Abstract
Purpose- The purpose of this research is to investigate the relationship between economic policy uncertainty (EPU) and merger and acquisition (M&A) performance. This paper explores how EPU affect the performance of the firm participating in the M&A deals. Moreover, it also examines the moderating role of environmental, social and governance (ESG) scores on the above established relationship.
Design/ methodology/ approach- This paper uses ordinary least square regression to analyse the data of 4214 deals from emerging nations. The data is taken from Bloomberg and was gathered for the period between 2010-2022. To test the validity and reliability of the results additional set of comprehensive tests are also performed.
Findings- The empirical findings of the study suggest that sample firms perform better and gives higher returns to their investors amid high EPU. This can be due to the fact that firms only invest in high profit yielding mergers during high EPU. Managers become more conservative with investments. Moreover, M&A can be used as risk mitigation strategy amid uncertainty in the environment.
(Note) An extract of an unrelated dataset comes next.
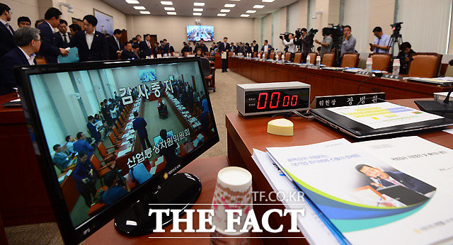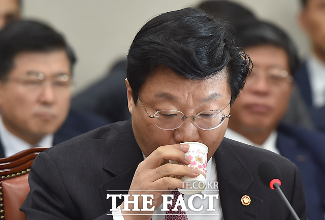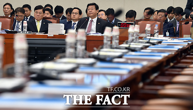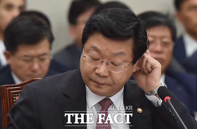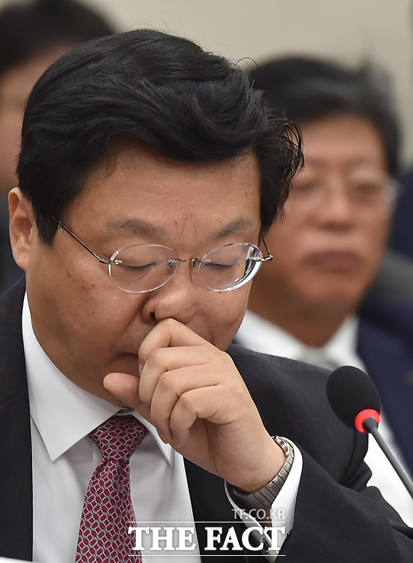 [더팩트ㅣ국회=이새롬 기자] 주형환 산업통상자원부 장관이 26일 오전 서울 여의도 국회에서 열린 산업통상자원부 국정감사에 참석해 고심하고 있다. 이날 감사는 김재수 농림축산식품부 장관 해임건의안 처리에 반발한 새누리당 의원들의 불참으로 중지됐다.

Originality/ value – The authors extend the literature on the effect of EPU on M&A performance in emerging economies. Unlike existing studies, the focus of this study is on developing nations. As literature dictates that developing nations are different from developed once. Apart from uncertainty, the authors make a new contribution to the literature on the moderating role of sustainability on the association between EPU and M&A performance.